WORTH MORE IN THE GROUND
The inclusion of native forest wood as a subsidised product under the federal scheme acts as an incentive to continue logging Tasmania’s native forests, which are vital carbon sinks and provide habitat for numerous threatened species. In short, Tasmania’s forests are worth more in the ground and this should be reflected in federal law and policy.
With several court cases currently on foot, the Tasmanian logging industry is under fierce scrutiny. Still, logging continues in threatened species habitat—home to forest dependent wildlife like the Tasmanian masked owl, swift parrots and the Tasmanian wedge tailed eagle. Rare and endangered forests continue to be logged and burnt without the consent of the rightful owners, the Palawa people.
Victorian buyers of this wood and manufactured timber products are exposing themselves to reputational risk for contributing to this destruction.
In 2023, the Federal government provided another $15 million in grants to five Tasmanian mills, one of which controversially exports logs to the Heyfield mill in Victoria.
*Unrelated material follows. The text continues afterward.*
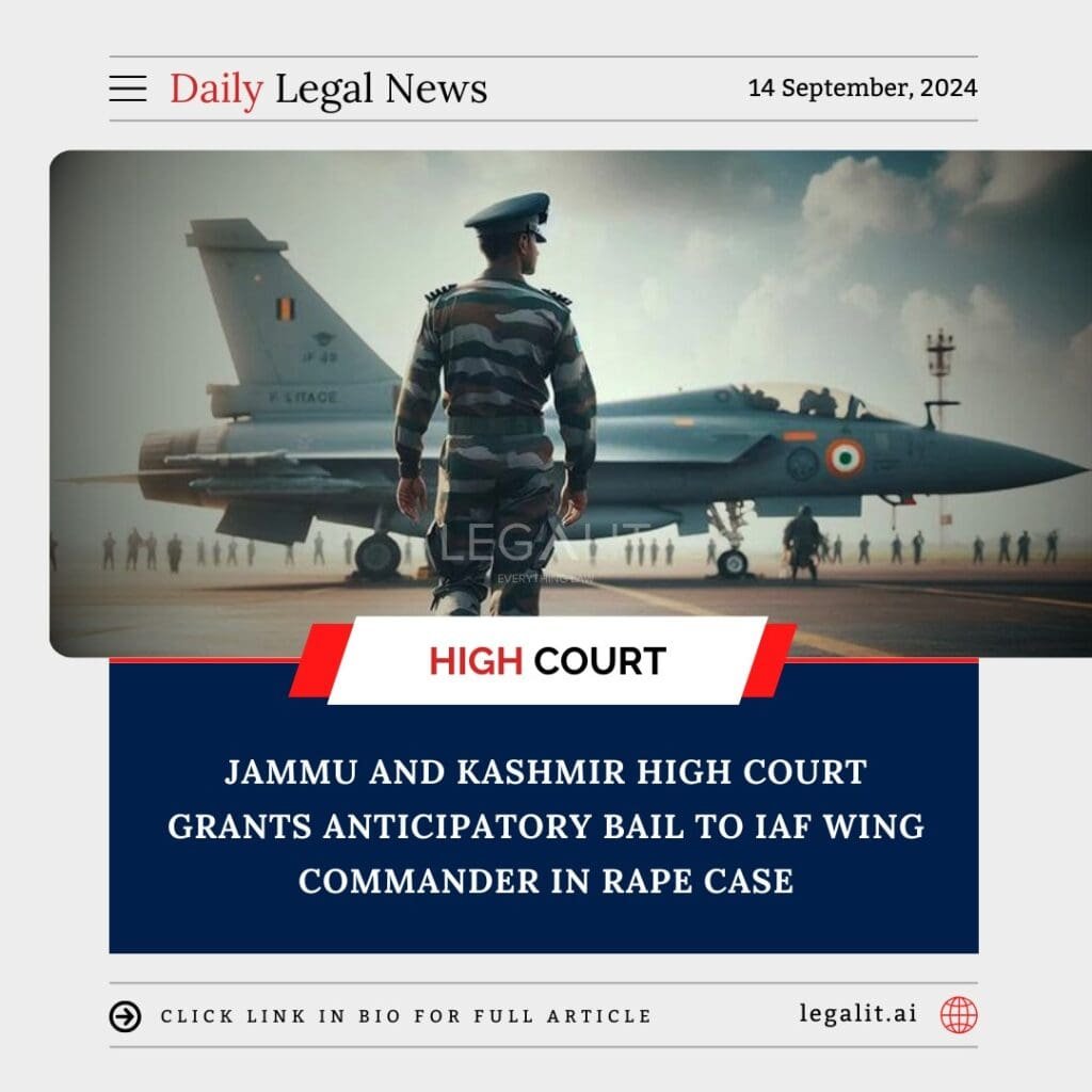 In a closely watched legal proceeding, the Jammu and Kashmir High Court granted anticipatory bail to an Indian Air Force (IAF) Wing Commander accused of rape. The court’s decision to provide pre-arrest protection in such a sensitive case has garnered attention, raising questions about the legal reasoning behind the ruling and the circumstances surrounding the allegations.

Heyfield is 49 per cent owned by the Victorian government, raising questions of the legitimacy of the state's transition to a plantation-based industry.
At yesterday's hearing, the Wilderness Society, and Environmental Justice Australia called for the subsidy on native forest product transport to be revoked, and the scheme must provide accurate, transparent and disaggregated data on a quarterly basis on native forest products and plantation products being transported.
LACK OF TRANSPARENCY
In the four-and-a-half years to December 2023, the scheme’s payments for wood and wood products (excluding wood chips) totalled approximately $49 million. By far the largest payments were for 'processed wood' (code 31000) - $45 million. Truckloads of logs at Tasmanian Ports raise questions about whether the bulk of this was for logs rather than actual wood products.
The federal scheme lacks clarity and transparency in terms of how it defines raw wood products. A definition of “processed wood” should be introduced to ensure that raw logs are not being incorrectly subsidised.
This scheme was introduced to level the playing field for Tasmanian manufacturers to be able to compete with mainland businesses, and the subsidisation of raw logs that are merely trimmed down prior to travel is inappropriate.
Tasmania is rapidly approaching a sawlog shortfall in 2027, and any resources spent propping up the industry should be redirected to support workers and industries to transition to long-term ventures.
BACK TOURISM NOT LOGGING
One of the cartage ships for transporting these logs is the Spirit of Tasmania, the public passenger ferry.
Given the limited space on the Spirit of Tasmania in its current capacity, tourism has been hindered by the funding of this scheme. Tourists are not able to get on to the ferry as there is limited space available. We should be backing clean, green tourism, not native forest logging.
Notes:
The TEFS value of subsidies given for native forest wood exported from Tasmania has been estimated based on the subsidies granted to companies that are not known to source plantation wood in their supply chains.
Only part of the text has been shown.